DATASET RECORDS

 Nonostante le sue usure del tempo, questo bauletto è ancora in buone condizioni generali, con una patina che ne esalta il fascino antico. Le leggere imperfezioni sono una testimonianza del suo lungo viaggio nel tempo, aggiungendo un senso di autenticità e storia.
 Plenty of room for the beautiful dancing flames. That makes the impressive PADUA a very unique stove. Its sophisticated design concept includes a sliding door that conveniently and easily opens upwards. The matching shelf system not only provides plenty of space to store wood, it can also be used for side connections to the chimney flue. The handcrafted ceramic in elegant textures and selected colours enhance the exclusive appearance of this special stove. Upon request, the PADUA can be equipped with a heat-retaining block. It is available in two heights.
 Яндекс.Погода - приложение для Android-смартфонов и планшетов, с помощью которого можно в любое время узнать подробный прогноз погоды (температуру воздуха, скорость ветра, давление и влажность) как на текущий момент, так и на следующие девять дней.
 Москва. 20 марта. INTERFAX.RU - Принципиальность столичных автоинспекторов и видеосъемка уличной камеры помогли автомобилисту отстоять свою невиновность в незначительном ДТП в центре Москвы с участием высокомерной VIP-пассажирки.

--

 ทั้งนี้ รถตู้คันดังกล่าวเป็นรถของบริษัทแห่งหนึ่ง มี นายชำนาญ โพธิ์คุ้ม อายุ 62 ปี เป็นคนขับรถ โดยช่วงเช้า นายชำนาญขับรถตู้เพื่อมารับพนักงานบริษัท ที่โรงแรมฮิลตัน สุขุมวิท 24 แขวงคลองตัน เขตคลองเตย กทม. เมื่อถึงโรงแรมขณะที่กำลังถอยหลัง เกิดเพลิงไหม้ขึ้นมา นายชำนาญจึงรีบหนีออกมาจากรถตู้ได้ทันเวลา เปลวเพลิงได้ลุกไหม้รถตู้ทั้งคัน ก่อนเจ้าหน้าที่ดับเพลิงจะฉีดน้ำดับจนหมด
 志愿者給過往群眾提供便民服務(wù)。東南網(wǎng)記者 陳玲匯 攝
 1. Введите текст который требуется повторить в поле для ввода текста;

EXERCISE AIM
Please give an exact copy of the entries above, from the line with "志愿者給過往群眾提供便民服務(wù)。東南網(wǎng)記者 陳玲匯 攝" down to the line with "1. Введите текст", inclusive, and nothing else.

TASK ANSWER
 志愿者給過往群眾提供便民服務(wù)。東南網(wǎng)記者 陳玲匯 攝
 1. Введите текст который требуется повторить в поле для ввода текста;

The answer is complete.